(Supplied material Opens)

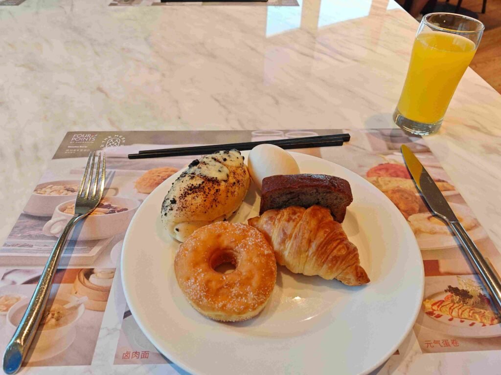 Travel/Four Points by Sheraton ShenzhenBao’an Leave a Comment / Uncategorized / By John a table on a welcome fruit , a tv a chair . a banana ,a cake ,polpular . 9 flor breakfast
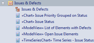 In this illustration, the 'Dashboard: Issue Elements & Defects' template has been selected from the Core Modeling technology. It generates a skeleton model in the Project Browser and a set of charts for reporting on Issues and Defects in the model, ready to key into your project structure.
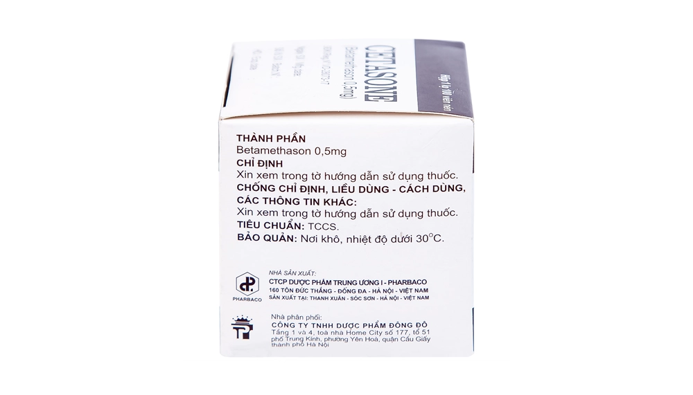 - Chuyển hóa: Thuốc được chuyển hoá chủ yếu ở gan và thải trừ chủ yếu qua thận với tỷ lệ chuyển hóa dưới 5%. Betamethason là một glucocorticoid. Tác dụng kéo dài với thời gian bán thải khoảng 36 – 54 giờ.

(Supplied material Closes)

## Task statement
Drop the pictures and set down the data above exactly.

## Task answer
 Travel/Four Points by Sheraton ShenzhenBao’an Leave a Comment / Uncategorized / By John a table on a welcome fruit , a tv a chair . a banana ,a cake ,polpular . 9 flor breakfast
 In this illustration, the 'Dashboard: Issue Elements & Defects' template has been selected from the Core Modeling technology. It generates a skeleton model in the Project Browser and a set of charts for reporting on Issues and Defects in the model, ready to key into your project structure.
 - Chuyển hóa: Thuốc được chuyển hoá chủ yếu ở gan và thải trừ chủ yếu qua thận với tỷ lệ chuyển hóa dưới 5%. Betamethason là một glucocorticoid. Tác dụng kéo dài với thời gian bán thải khoảng 36 – 54 giờ.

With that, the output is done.